* [REQUIRED WORK]
If pictures appear in the lines below, skip them and copy exactly the lines from the one containing "PRIMERA ¡EL ÚLTIMO" through the one containing "Camisa informal de", and nothing else.

Stored data:
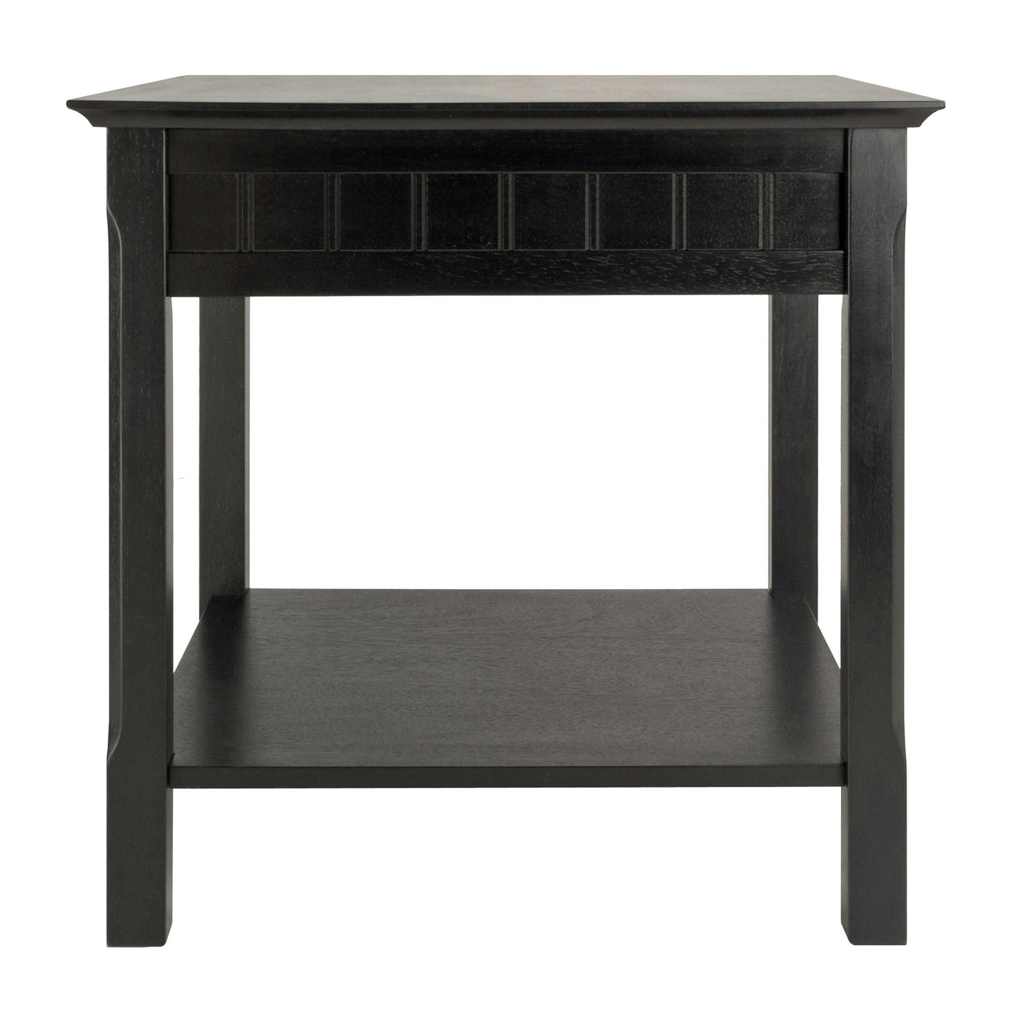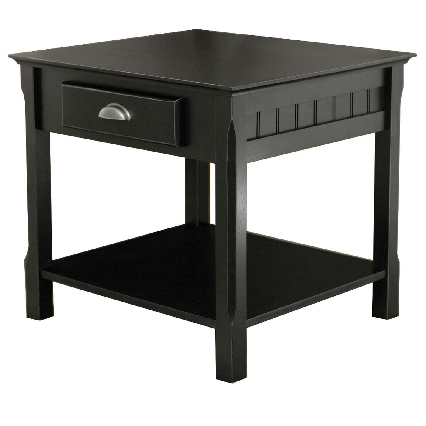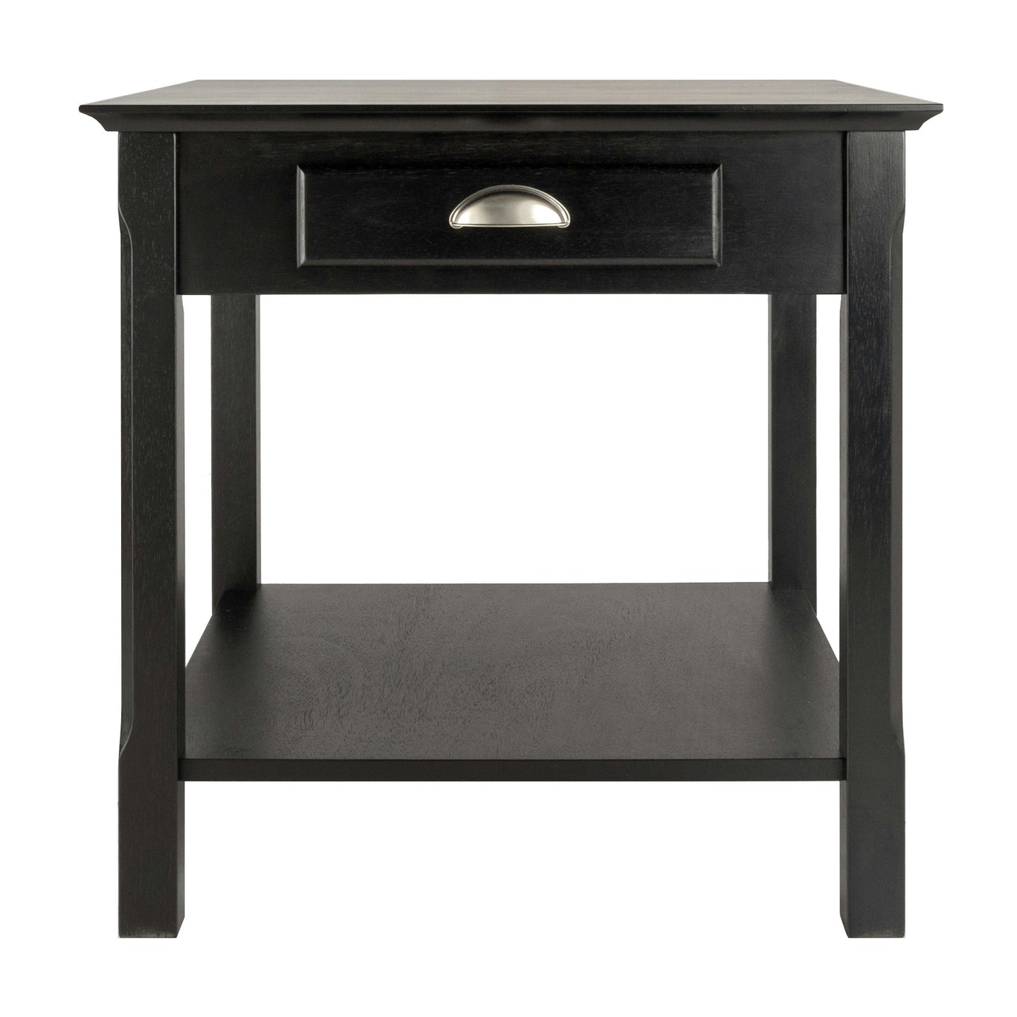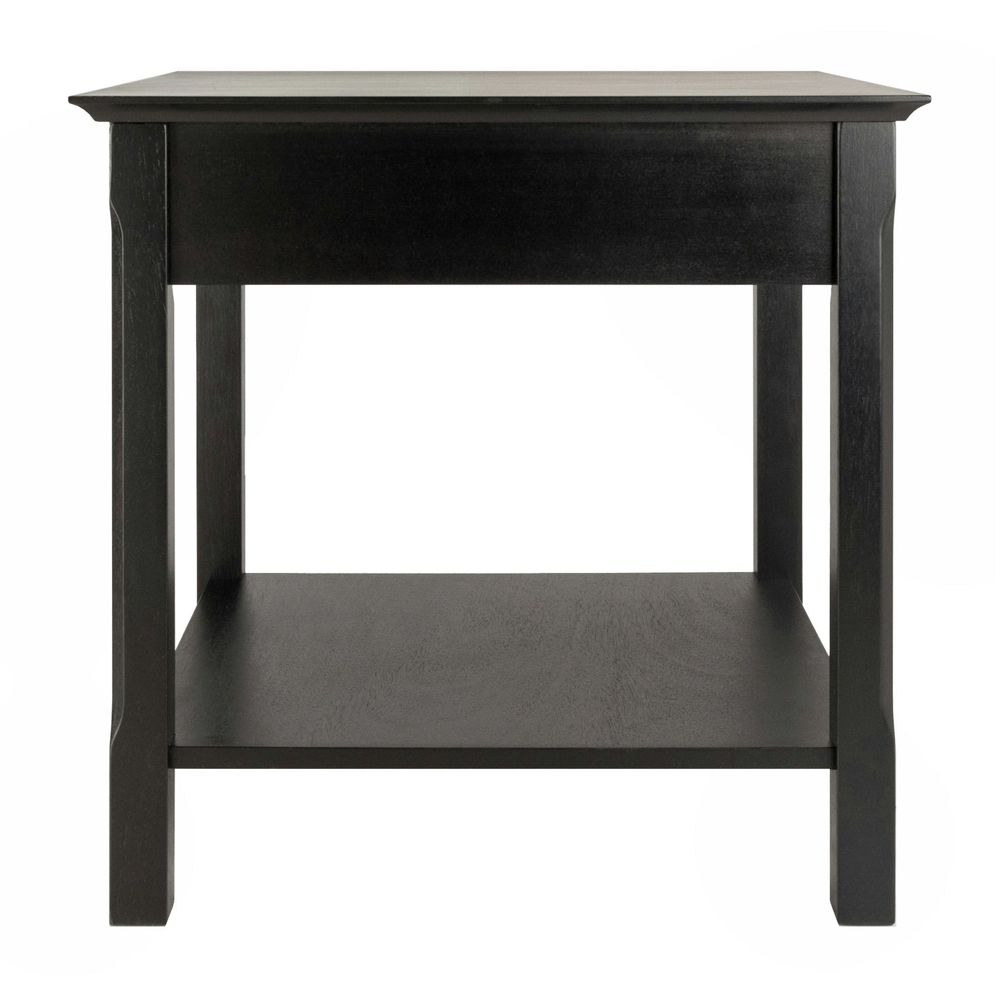 - Table assembled size is 22""W x 22"D x 22"H. Combination of solid/composite wood in black
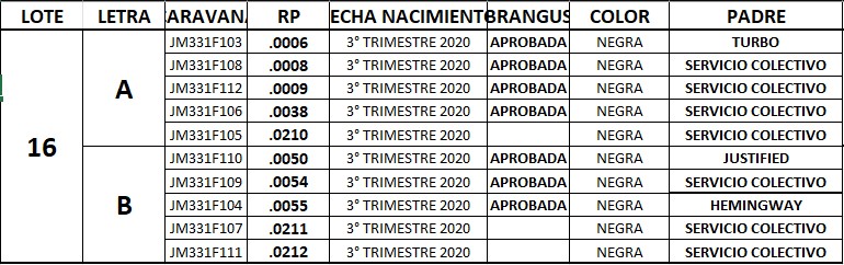 LOTE 16, """EL MATACO"" VAQUILLONAS PARA SERVICIO Lote Anterior Volver al remate Lote Siguiente Información del Lote Pedigree Ofertar Contacto Santa Fe - Providencia - Santa Fe Información del Lote Identificador: #167484 Cantidad 10 Categoría Vaquillonas Raza BRANGUS NEGRAS Peso Promedio 375 Provincia Santa Fe Ubicación Providencia - Santa Fe Plazo 90 días Santa Fe - Providencia - Santa Fe Ofertar Fecha de cierre: 04 de Agosto a las 19:50hs. Prórroga: 10 minutos Aún no tiene ofertas Plazo: Contado 7 y 14 días 15 días 30 y 60 del remate 20 días 21 dias 30 del remate 30 días 30 y 45 dias 40 días 25 días del remate 45 días 30 y 60 días 25 y 55 días 0, 30 y 60 días 25 días 55 días 60 días 60, 90 y 120 días 30, 60 y 90 días 70 días 60 y 90 días 35 y 65 días 30 y 50 días 25 y 40 días 30 y 40 días 90 días 50 y 100 días 120 días 60 días del remate 30 y 45 Días del Remate 30 y 45 Días 20/50 y 80 días 30 días del remate 30 y 60 días del remate 30, 60 y 90 días del remate 30 y 45 Días 50 y 80 días 20 y 50 días 45 Días del Remate 17 días 15 - 50 días 28 días 30-60-90 O 60 25-55-85 25-45 días 18 días Desde el Remate 150 días 180 días 25, 55 y 85 días 30, 60, 90, 120 y 150 días 30, 60, 90 y 120 días 0, 30, 60 y 90 dias 20, 40 y 60 días 6 Cuotas Otro Consultar 90 dias libres o 180 dias con el 15% de recargo en el precio de compra por interes Su Oferta en $: − + Step: -10.000,00 / +10.000,00 Programar puja hasta: Programar puja hasta Aumentar puja programada 150000 330000 **Oferta al bulto Iniciar sesión para ofertar Ofertar Compra por $ 99.000.000,00 Ofertas Recibidas $ Fecha/Hora Estado Este lote aún no tiene preofertas. ¿Estás seguro de comprar el LOTE """EL MATACO"" VAQUILLONAS PARA SERVICIO por $ 99000000 ? 40 Visualizaciones ClicData Pedigree Contacto Comercial a cargo: Diego Scotta Empresa: Agricultores Federados Argentinos - AFA Nombre*: E-mail* : Mensaje Enviar Registrese gratis Este contenido Exclusivo está disponible sólo para usuarios registrados Ingresar
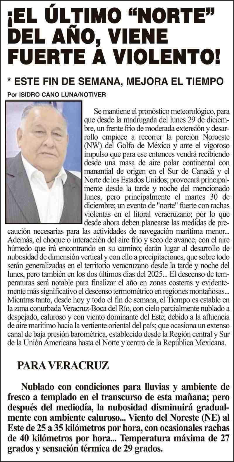 PRIMERA ¡EL ÚLTIMO “NORTE” DEL AÑO, VIENE FUERTE A VIOLENTO! - *ESTE FIN DE SEMANA, MEJORA EL TIEMPO 26 diciembre 2025 Más Noticias NOTI-MEME | - LA MAESTRA MÁS BUENA DE VERACRUZ ¡SACAN LIBRO “PROHIBIDO”! - “NI VENGANZA, NI PERDÓN” ¡PEGA TUBERCULOSIS! - LO QUE FALTABA ¡CARNAVALES AFROMESTIZOS! ¡MUEVEN CUMBRE CLAUDIA Y SALMA! - A CDMX ¡SE FUE A LA GRACIANO SÁNCHEZ! ¡VA BLANCO EL CARNAVAL! - *Eso dice el director de Turismo y Carnaval ¡‘PARAN’ EL PUERTO! - POR EL CARNAVAL ¡VIENEN LOS MARINES! - SIEMPRE SI ¡YA SON 21! - *Casos de sarampión
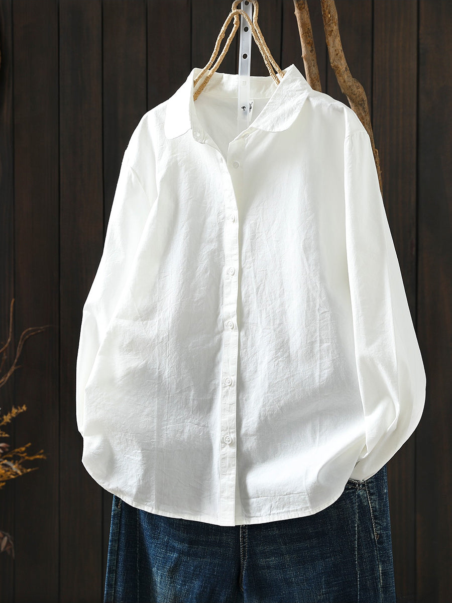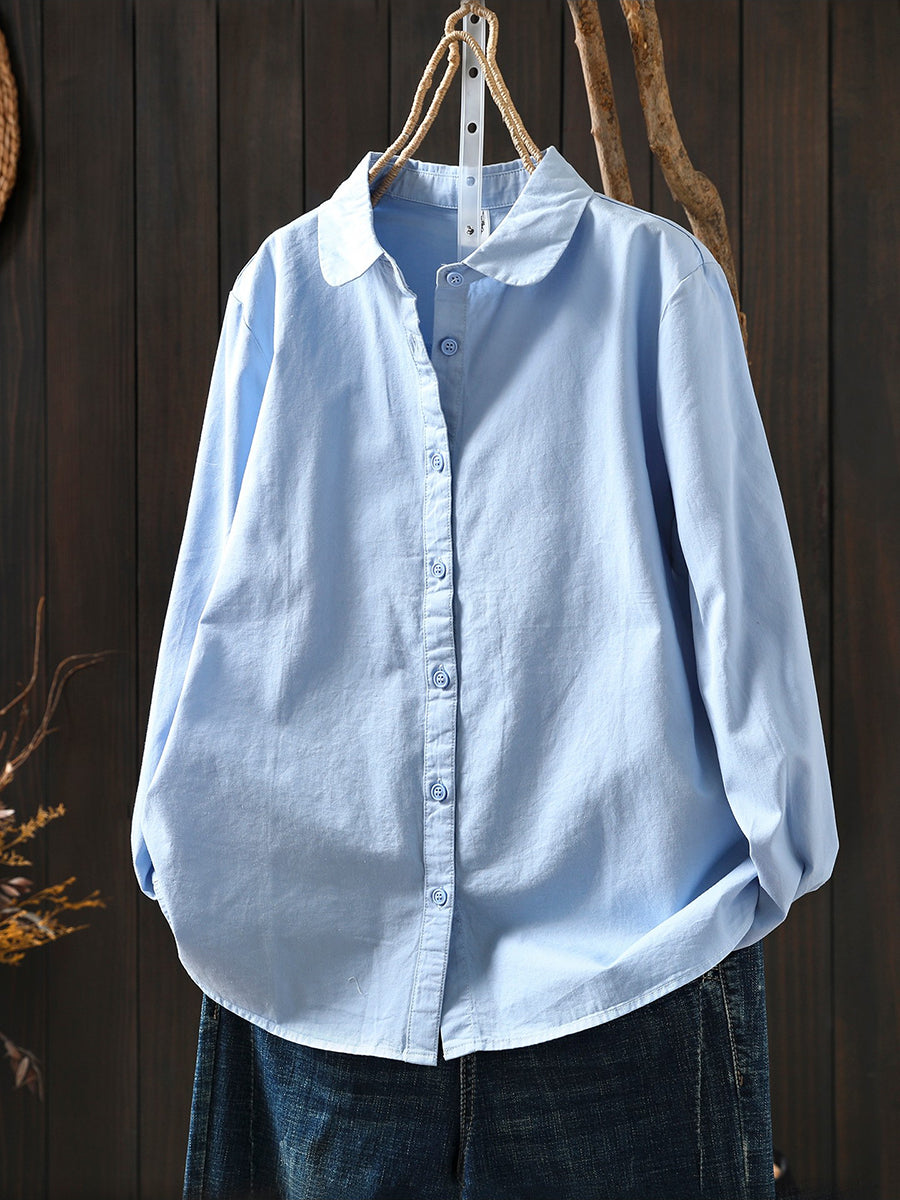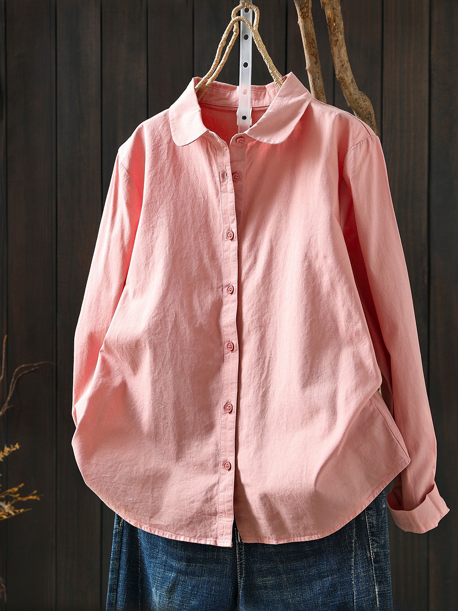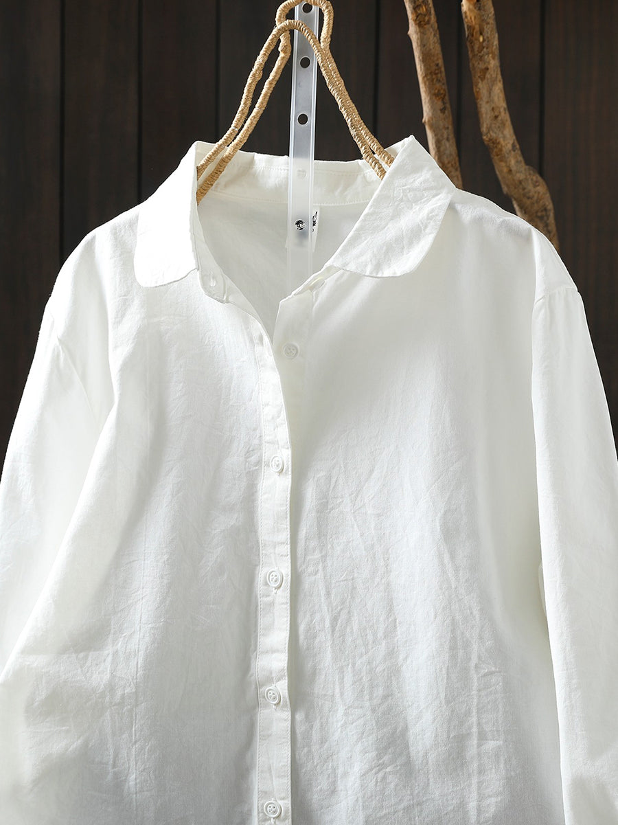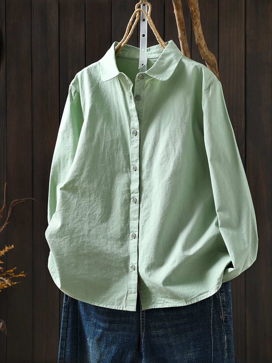 Camisa informal de primavera para mujer, 100 % algodón, color puro
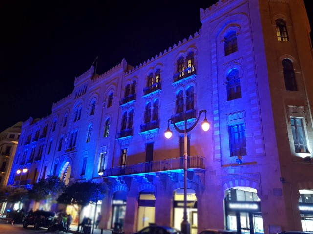 القصر البلدي لمدينة بيروت باللون الأزرق
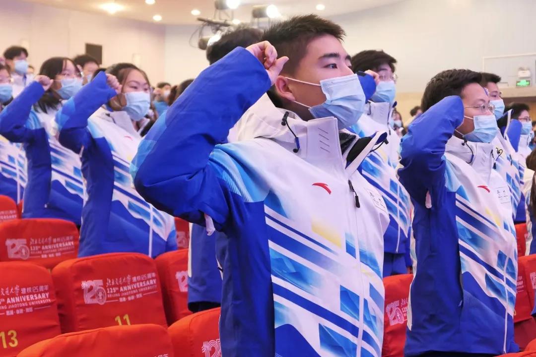 2022年1月18日,志愿者在北京交通大学2022年冬奥会和冬残奥会志愿者出征动员大会上宣誓。来源:视觉中国
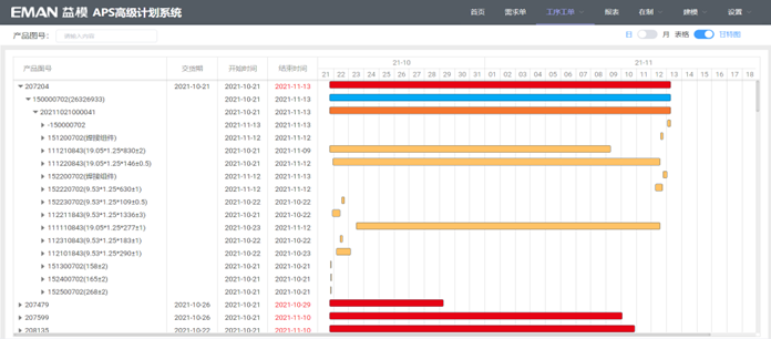 益模APS可以实现来单即排,插单排程,进行智能化排产,大大减少了注塑工厂计划所用时间, 以精准的、可执行的计划指导生产,帮助企业减少在制品、原料、成品库存。企业可以实时掌握订单的生产情况,必要时及时调整干预,提升设备利用率以及生产有效产出,确保订单准时交付。
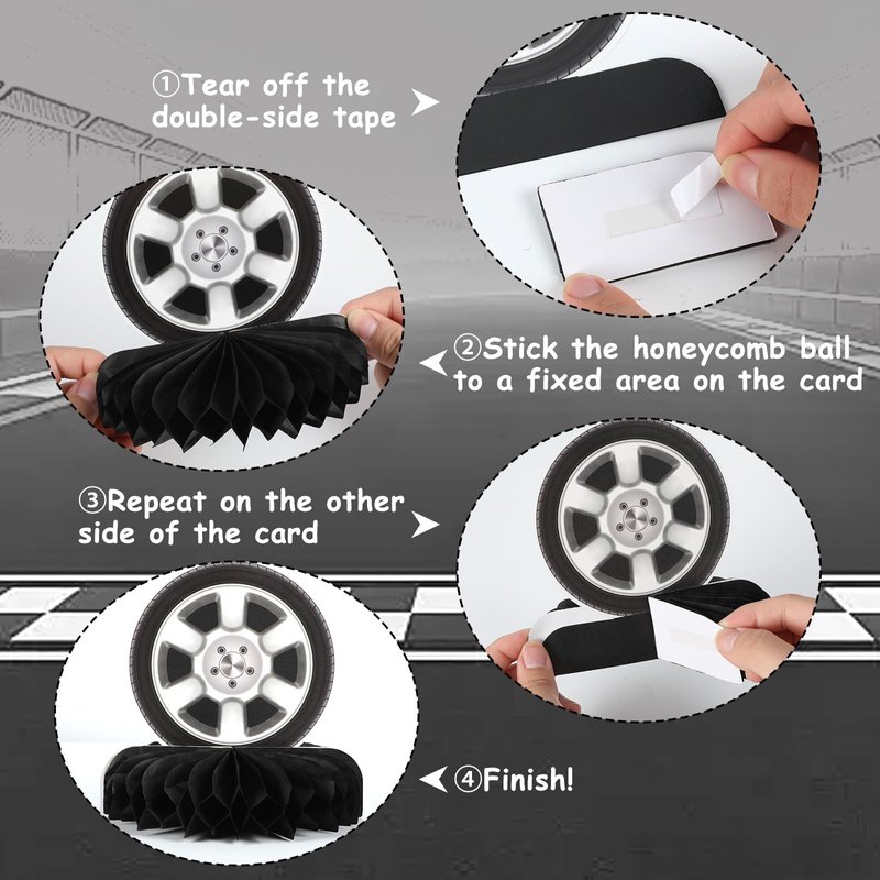 - Easy to assemble: You just need to peel off the double-sided tape, unfold this car race track party tabletop honeycomb base and paste them together, which can avoid from being fallen down or blown away, you'd better stick the bottom at the same time, making it stand more firmly.
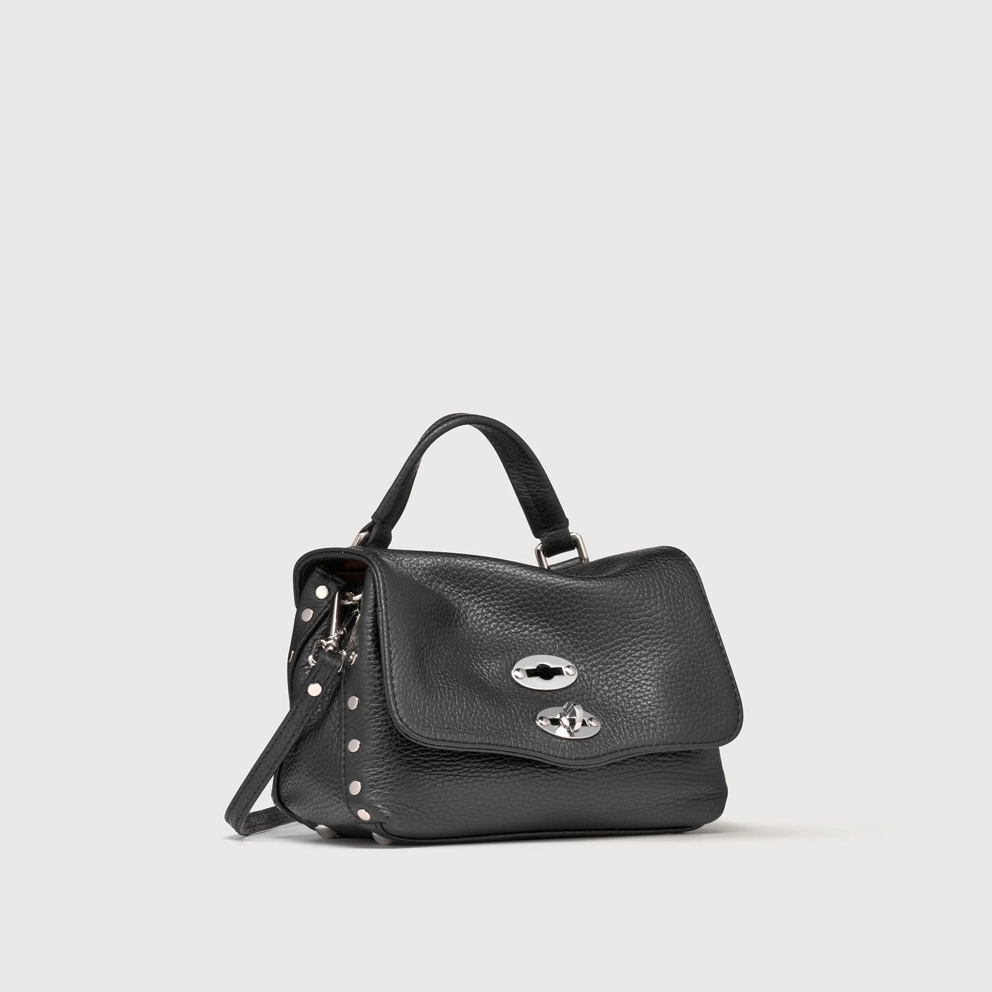 Non può mancare nel tuo guardaroba questa borsa Postina® in pelle martellata, con fodera e tasca interna e doppia chiusura. Realizzata in morbida pelle di vitello e sottoposta a speciali trattamenti che la rendono particolarmente resistente all’usura, allo sporco, ai graffi e allo sfregamento, oltre che idrorepellente, è l’alleata ideale per i tuoi impegni di tutti i giorni. Grazie alla tracolla in pelle regolabile, puoi scegliere se indossarla a mano, a spalla o a tracolla.

* [OUTPUT FOR THIS EXERCISE]
 PRIMERA ¡EL ÚLTIMO “NORTE” DEL AÑO, VIENE FUERTE A VIOLENTO! - *ESTE FIN DE SEMANA, MEJORA EL TIEMPO 26 diciembre 2025 Más Noticias NOTI-MEME | - LA MAESTRA MÁS BUENA DE VERACRUZ ¡SACAN LIBRO “PROHIBIDO”! - “NI VENGANZA, NI PERDÓN” ¡PEGA TUBERCULOSIS! - LO QUE FALTABA ¡CARNAVALES AFROMESTIZOS! ¡MUEVEN CUMBRE CLAUDIA Y SALMA! - A CDMX ¡SE FUE A LA GRACIANO SÁNCHEZ! ¡VA BLANCO EL CARNAVAL! - *Eso dice el director de Turismo y Carnaval ¡‘PARAN’ EL PUERTO! - POR EL CARNAVAL ¡VIENEN LOS MARINES! - SIEMPRE SI ¡YA SON 21! - *Casos de sarampión
 Camisa informal de primavera para mujer, 100 % algodón, color puro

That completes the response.